==== SOURCE DATA ====

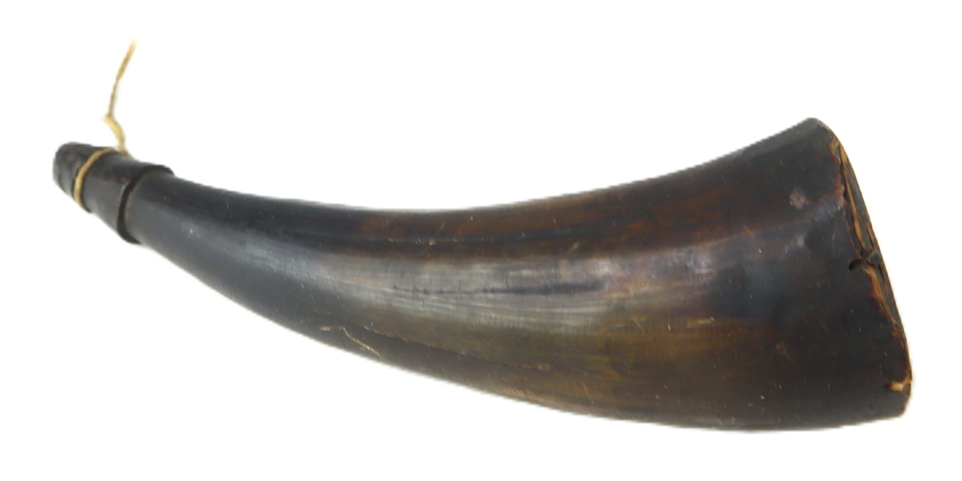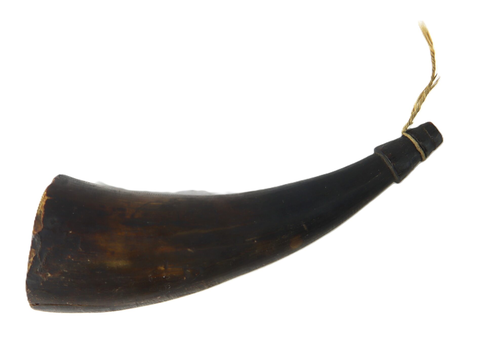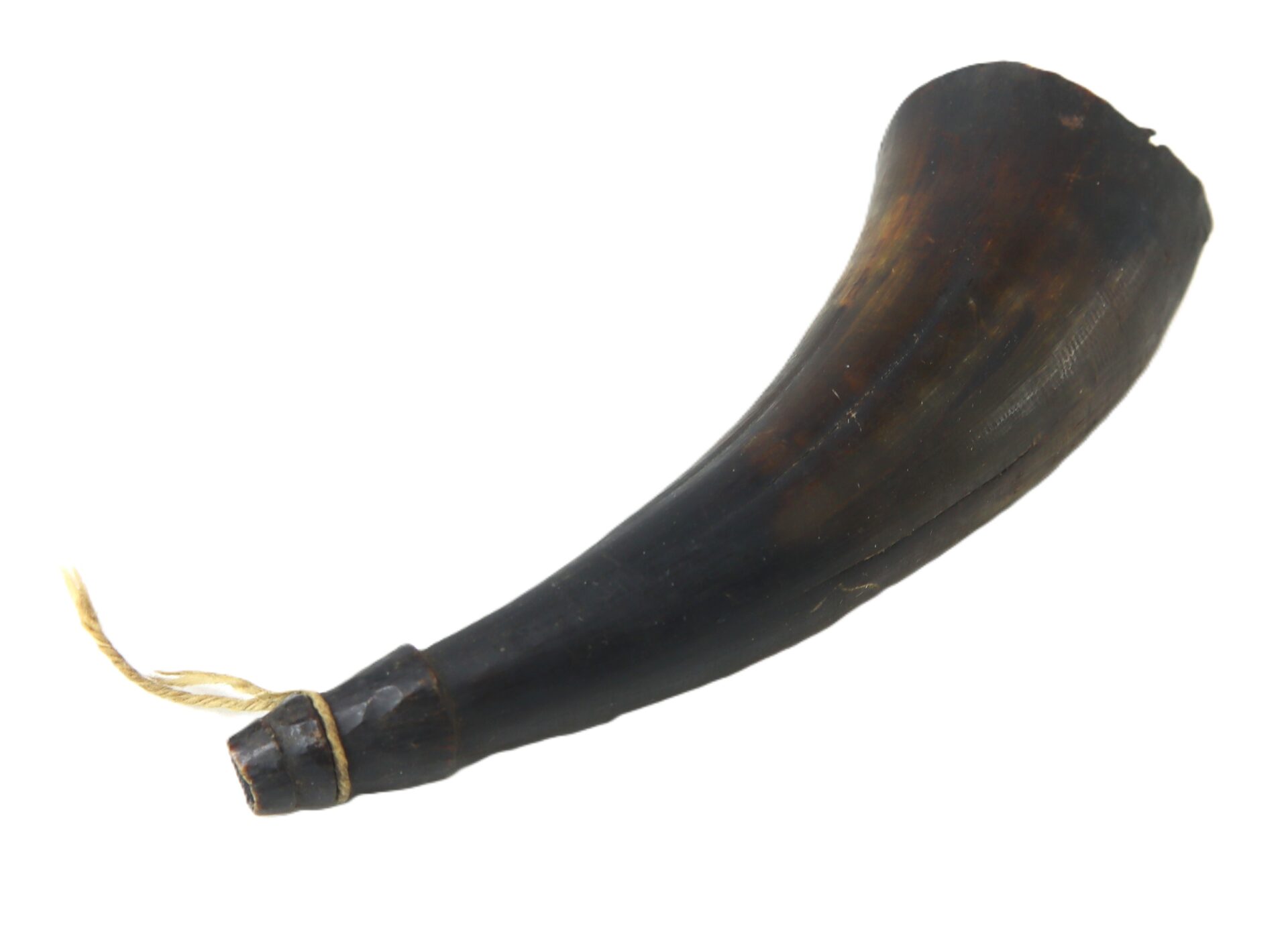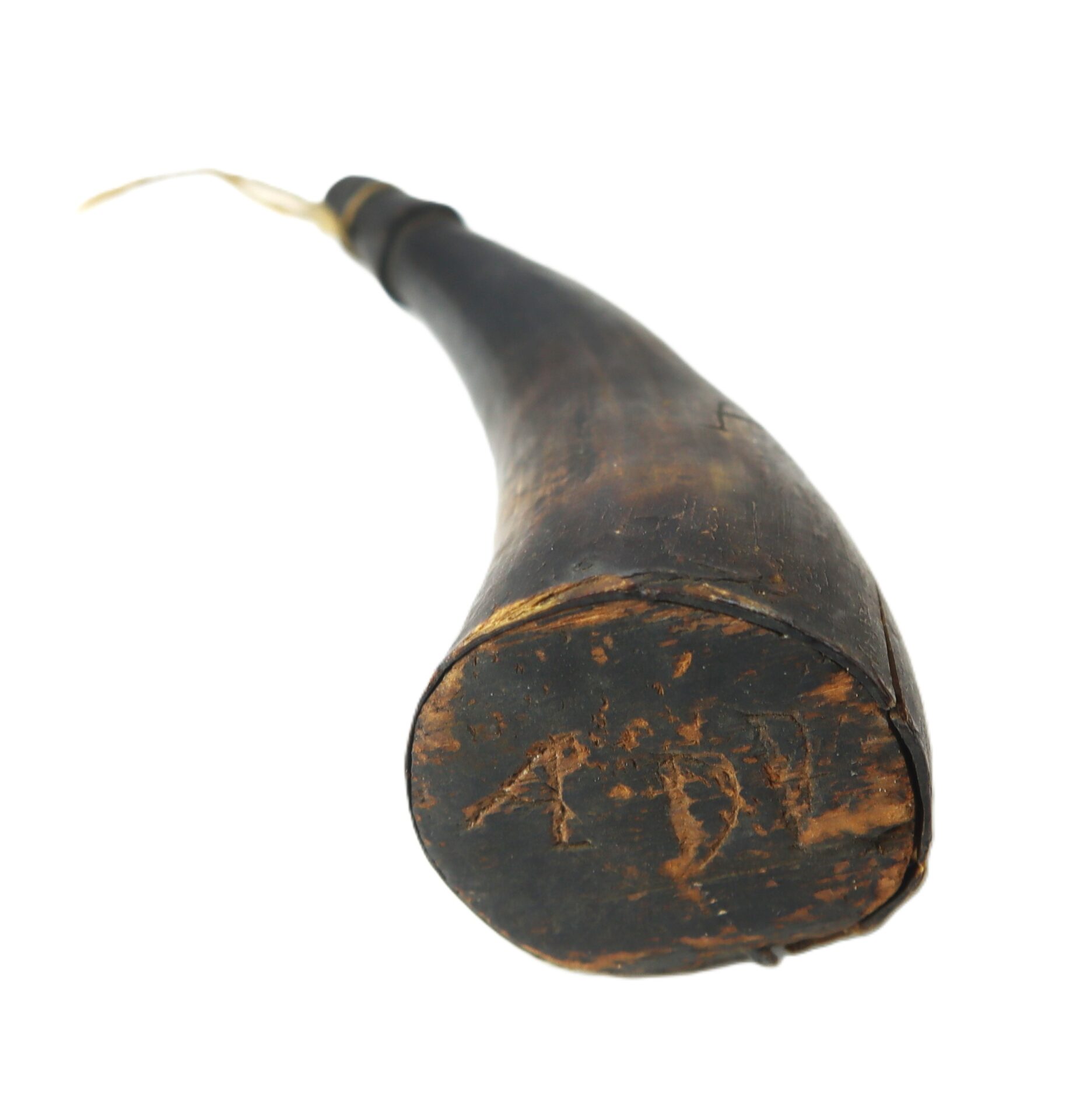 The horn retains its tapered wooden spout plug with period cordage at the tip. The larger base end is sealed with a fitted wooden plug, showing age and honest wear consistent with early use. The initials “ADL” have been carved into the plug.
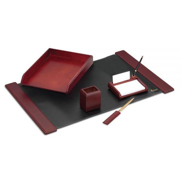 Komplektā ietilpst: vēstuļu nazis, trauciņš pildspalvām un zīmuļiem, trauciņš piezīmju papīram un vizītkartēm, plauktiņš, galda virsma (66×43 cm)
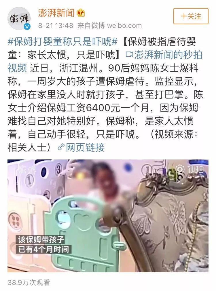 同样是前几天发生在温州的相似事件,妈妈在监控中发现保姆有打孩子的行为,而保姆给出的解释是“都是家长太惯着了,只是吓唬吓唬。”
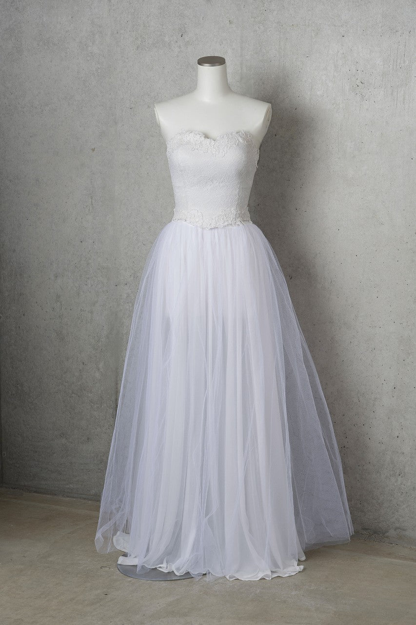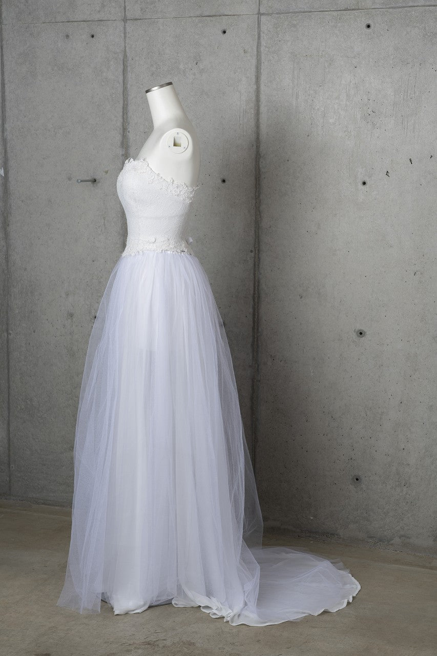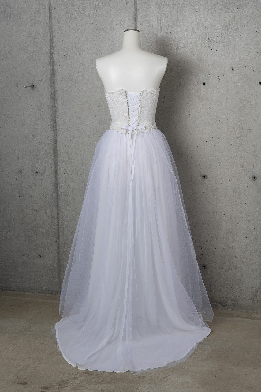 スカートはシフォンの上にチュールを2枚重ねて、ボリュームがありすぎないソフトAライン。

====

§ TASK DETAILS: Every line above must appear in the answer unchanged, and no picture may appear in it.

§ WRITTEN RESPONSE:
 The horn retains its tapered wooden spout plug with period cordage at the tip. The larger base end is sealed with a fitted wooden plug, showing age and honest wear consistent with early use. The initials “ADL” have been carved into the plug.
 Komplektā ietilpst: vēstuļu nazis, trauciņš pildspalvām un zīmuļiem, trauciņš piezīmju papīram un vizītkartēm, plauktiņš, galda virsma (66×43 cm)
 同样是前几天发生在温州的相似事件,妈妈在监控中发现保姆有打孩子的行为,而保姆给出的解释是“都是家长太惯着了,只是吓唬吓唬。”
 スカートはシフォンの上にチュールを2枚重ねて、ボリュームがありすぎないソフトAライン。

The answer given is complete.